Israel Warns Palestinians on Facebook — But Bombings Decimated Gaza Internet Access
Gaza Internet Connectivity Decimated as Israel Bombs The Intercept
Amid a heavy retaliatory air and artillery assault by Israel against the Gaza Strip on October 10, Israel Defense Forces spokesperson Avichay Adraee posted a message on Facebook to residents of the al-Daraj neighborhood, urging them to leave their homes in advance of impending airstrikes.
It’s not clear how most people in al-Daraj were supposed to see the warning: Intense fighting and electrical shortages have strangled Palestinian access to the internet, putting besieged civilians at even greater risk.
Following Hamas’s grisly surprise attack across the Gaza border on October 7, the Israeli counterattack — a widespread and indiscriminate bombardment of the besieged Gaza Strip — left the two million Palestinians who call the area home struggling to connect to the internet at a time when access to current information is crucial and potentially lifesaving.
“Shutting down the internet in armed conflict is putting civilians at risk.”
“Shutting down the internet in armed conflict is putting civilians at risk.”
“Shutting down the internet in armed conflict is putting civilians at risk,” Deborah Brown, a senior researcher at Human Rights Watch, told The Intercept. “It could help contribute to injury or death because people communicate around what are safe places and conditions.”
According to companies and research organizations that monitor the global flow of internet traffic, Gazan access to the internet has dramatically dropped since Israeli strikes began, with data service cut entirely for some customers.
Most Gaza ISPs Are Gone
With communications infrastructure left in rubble, Gazans now increasingly find themselves in a digital void at a time when data access is most crucial.
“People in Gaza need access to the internet and telecommunications to check on their family and loved ones, seek life-saving information amidst the ongoing Israeli barrage on the strip; it’s crucial to document the war crimes and human rights abuses committed by Israeli forces at a time when disinformation is going haywire on social media,” Fatafta said.
“There is some slight connectivity,” Alp Toker of the internet outage monitoring firm NetBlocks told The Intercept, but “most of the ISPs based inside of Gaza are gone.”
Though it’s difficult to be certain whether these outages are due to electrical shortages, Israeli ordnance, or both, Toker said that, based on reports he has received from Gazan internet providers, the root cause is the Israeli destruction of fiber optic cables connecting Gaza. The ISPs are generally aware of where their infrastructure is damaged or destroyed, Toker said, but ongoing Israeli airstrikes will make sending a crew to patch them too dangerous to attempt. Still, one popular Gazan internet provider, Fusion, wrote in a Facebook post to its customers that efforts to repair damaged infrastructure were ongoing.

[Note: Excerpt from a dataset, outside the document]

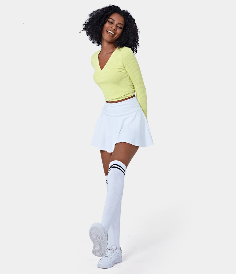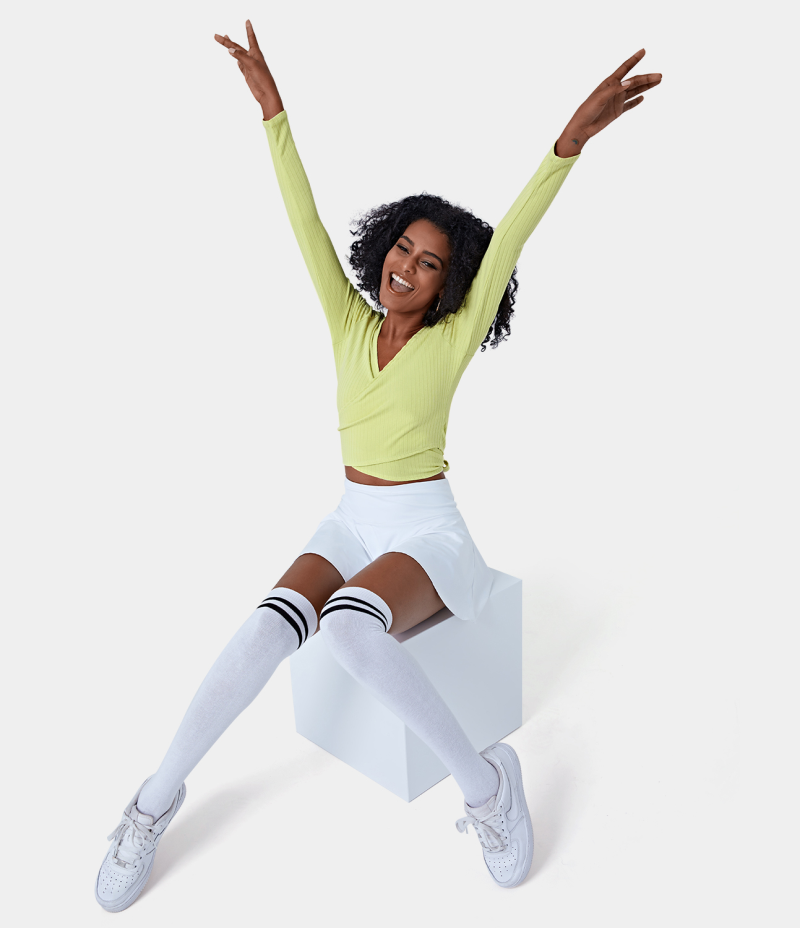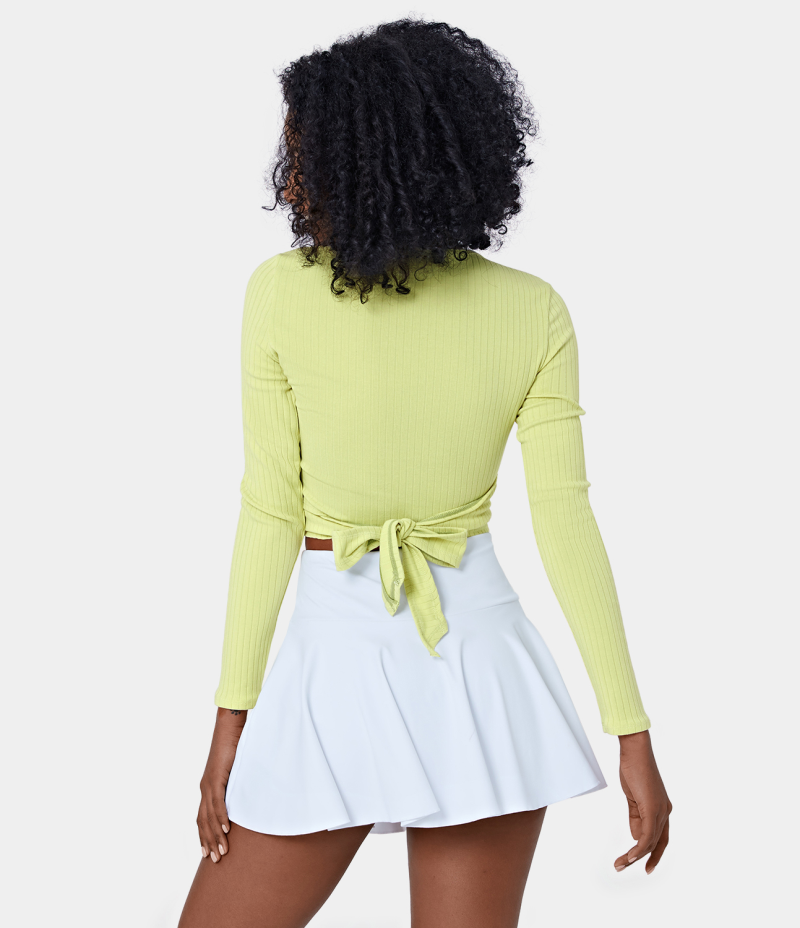 Halara V Neck Crossover Tie Back Plain Cropped Sports Women's Tops Celery Green | JONEACB-65

That Gazan internet access remains in place at all, Toker said, is probably due to the use of backup generators that could soon run out of fuel in the face of an intensified Israeli military blockade. (Toker also said that, while it’s unclear if it was due to damage from Hamas rockets or a manual blackout, NetBlocks detected an internet service disruption inside Israel at the start of the attack, but that it quickly subsided.)
Amanda Meng, a research scientist at Georgia Tech who works on the university’s Internet Outage Detection and Analysis project, or IODA, estimated Gazan internet connectivity has dropped by around 55 percent in the recent days, meaning over half the networks inside Gaza have gone dark and no longer respond to the outside internet. Meng compared this level of access disruption to what’s been previously observed in Ukraine and Sudan during recent warfare in those countries. In Gaza, Border Gateway Protocol activity, an obscure system that routes data from one computer to another and undergirds the entire internet, has also seen disruptions.

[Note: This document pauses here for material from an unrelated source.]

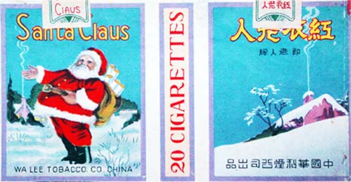 早在上世纪40年代圣诞节就漂洋过海来到我国,这可从当时烟草企业出品的烟标上看到一些印记。如中国华利烟公司出品的“红衣老人”烟标(图①),主版图案展现的就是身穿红衣头戴红帽的圣诞老人形象。尤为有趣的是,这个圣诞老人的背包里装的并不是玩具,而是一支支卷烟。

“On the ground, this looks like people not being able to use networked communication devices that rely on the Internet,” Meng explained.
Organizations like NetBlocks and IODA all used varying techniques to measure internet traffic, and their results tend to vary. It’s also nearly impossible to tell from the other side of the world whether a sudden dip in service is due to an explosion or something else. In addition to methodological differences and the fog of war, however, is an added wrinkle: Like almost everything else in Gaza, ISPs connect to the broader internet through Israeli infrastructure.
“By law, Gaza internet connectivity must go through Israeli infrastructure to connect to the outside world, so there is a possibility that the Israelis could leave it up because they are able to intercept communications,” said Madory of Kentik.
Fatafta, the policy analyst, also cited Israel’s power to keep Gaza offline — but both in this war and in general. “Israel’s full control of Palestinian telecommunications infrastructure and long-standing ban on technology upgrades” is an immense impediment, she said. With the wider internet blockaded, she said, “people in Gaza can only access slow and unreliable 2G services” — a cellular standard from 1991.
While Israel is reportedly also using analog means to warn Palestinians, their effectiveness is not always clear: “Palestinian residents of the city of Beit Lahiya in the northern region of the Gaza Strip said Thursday that Israeli planes dropped flyers warning them to evacuate their homes,” according to the Associated Press. “The area had already been heavily struck by the time the flyers were dropped.”